The `ShipOfTheseus` class decomposes the difference in outcome rates between two datasets and visualizes the results as a Theseus Plot. It provides methods to compute contributions of individual attributes, summarize results in tables, and generate waterfall-style plots for intuitive interpretation.
Methods
Method new()
The constructor of the ShipOfTheseus class.
Usage
ShipOfTheseus$new(data1, data2, outcome, labels, ylab, digits, text_size)Arguments
data1data frame representing the first group (e.g., the baseline or "original" data).
data2data frame representing the second group (e.g., the comparison or "refitted" data).

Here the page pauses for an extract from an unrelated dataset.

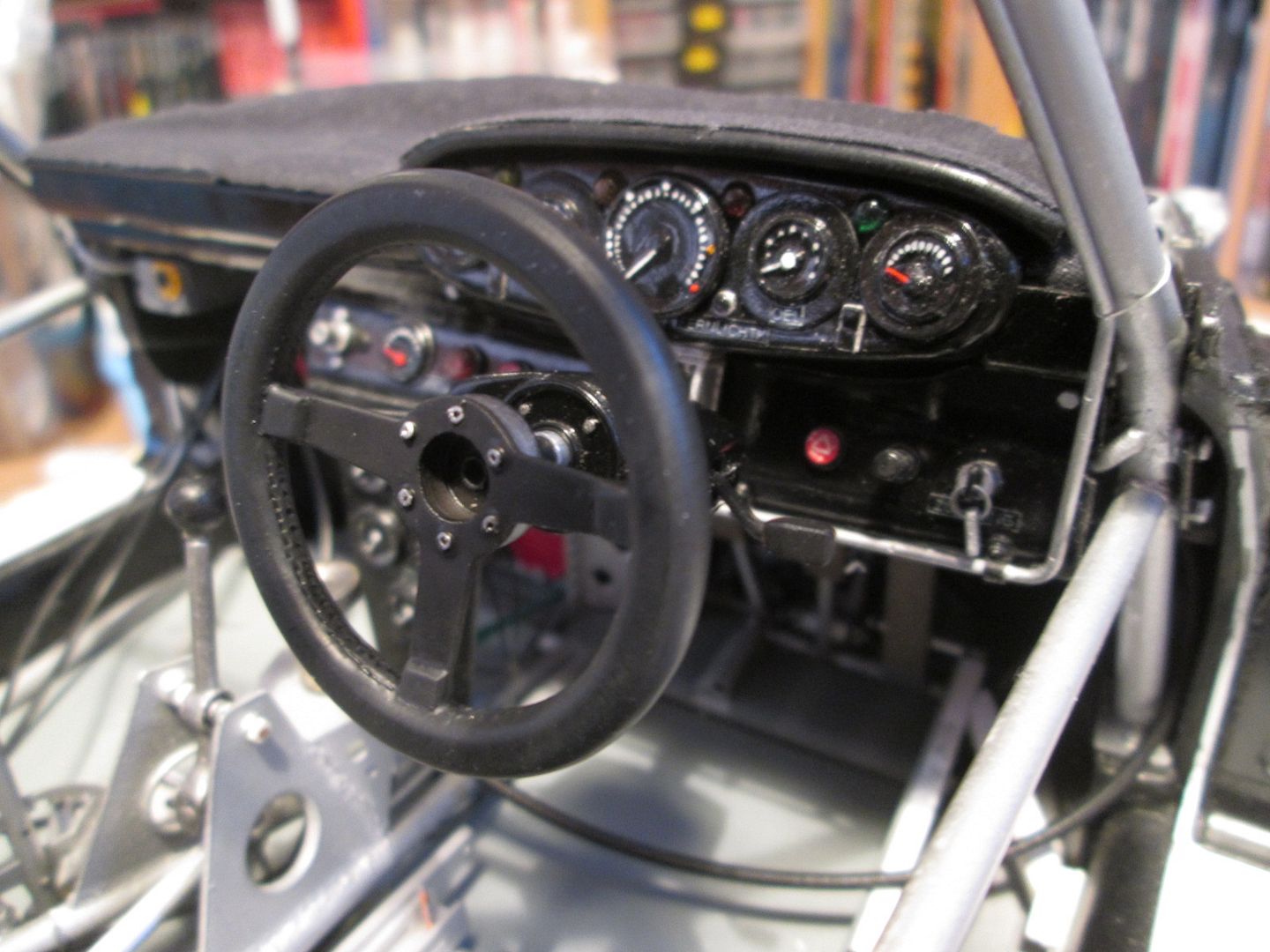 Although I spent a fair bit of time modelling during the Christmas holidays, I wasn't able to make a big leap forwards - mainly because I'm still being careful about what gets glued in and when! Most of what I've been doing has been preparation for either fitting the fuel tank, etc, into the nose, or for getting the cockpit relatively complete before the roof goes on. First up, having added a few extra details to the headlight surrounds, I made the two small indicator lights and marker lights: ![]() ![]() Very fiddly to make, but I think they'll look fine once the bodywork is painted. For now they're just pinned in place. For the indicators I cut each one from a thin disc of the 15mm clear acrylic rod, then rounded-off the ends with a file. A couple of coats of Tamiya clear orange, and job done. The clear marker lights were cut from the remains of the disc but needed a bit more filing to shape. The backing plates are strip styrene, with 'Wave Option' rivet detailing. One thing I definitely wanted to do during the holidays was to sort out some of the decals required for a few of the electrical parts. I spent a couple of hours trawling online for suitable logos, etc, then spent a bit of time cleaning them up and checking the sizes. The end result was half a sheet of logos, most of which will hopefully not be required... ![]() Here's the starter motor, ignition boxes and coil: ![]() ...and the battery: ![]() I'm particularly pleased with the battery - although it's buried down in the nose of the car, the decals stop it looking like just a black box. While I was at it, I sorted the wiring for the fuel pump, ready for installation. The coil needed a bit of work to finish the top detailing, and the ali mounting strap (not shown) has been primed and re-painted. Each part has been re-varnished afterwards to give the decals extra protection. Most of the rest of the work has been in the cockpit. The last couple of photos hopefully give a feel of what I've been doing: ![]() ![]() The wiring running down the left-hand side of the cockpit from the dashboard has been matched up with the appropriate pieces coming from the engine bay, with a length of ali tube used as protective conduit. This might be changed. I've drilled some extra holes through the rear firewall to pass a few of the cables through, rather than forcing everything through the holes for the water pipes. The fuel lines down the right-hand side have been strapped together and are ready to be fixed in place. There's also a thin grey wire there which will be used for the air-jack plumbing - I've also made the fittings for the top of each jack. I've made four pins which will be used to fix the seat frame to the mounting channels, and re-made the handle which connects the two adjusters each side. The clutch line and two throttle cables (one spare!) have been fitted and wired into place around the chassis tubes. Before I fit the seat to the frame, and the frame to the mounting channels, I've added the shoulder straps and crotch straps - the lap straps will be threaded through the seat before final assembly. What else? The four door hinges have been fitted, glued, pinned and detailed with hex nuts. The gear lever is now glued in, although it is still free to move so I can connect it to the gearbox. At the front, I've played around with the colouring of the oil tank a little to get away from the 'flat aluminium' finish, and added a small bit of detailing to the fuel collector tank as the level sender. I've made some extra bits of wiring for the three smaller fuel pumps, and started assembling the wash-bottle pump. As usual, it's at this point that I remember I don't have photos for a lot of this stuff, but you'll see it next time. So, I'm nearly at the stage where I can start fitting the various bits into the nose - getting the decals on the battery was the main obstacle here. But...do I fit the fuel tank, then the battery tray, or battery first then the fuel tank? Do I connect the wiring before or after? What about the pipework for the fuel system? Don't forget the trackrods need to be fitted into the steering rack while it's still accessible! As always, this is what soaks up so much of the time - trying to get the correct assembly sequence. We're nearly there, though... More next time. SB |

outcomestring specifying the outcome variable used to compute the rate metric (default is "y"). Typically, this is a binary indicator (e.g., 0/1) that is aggregated to form rates.
labelscharacter vector of length 2 giving the labels for the two groups. The first corresponds to `data1`, the second to `data2`. Default is c("Original", "Refitted").
ylabstring specifying the y-axis label for plots. If NULL (default), no label is displayed.
digitsinteger indicating the number of decimal places to use for displaying numeric values (default is 3).
text_sizenumeric value specifying the relative size of text elements in plots (default is 1).
Returns
A ShipOfTheseus object, which can be used with plot() to
create Theseus plots.
Method table()
Generate a contribution table for a given column.
Usage
ShipOfTheseus$table(column_name, n = Inf, continuous = continuous_config())Arguments
column_namestring. The name of the column to analyze.
ninteger. Maximum number of top contributing attributes to display. If the number of attributes exceeds `n`, the remaining are aggregated.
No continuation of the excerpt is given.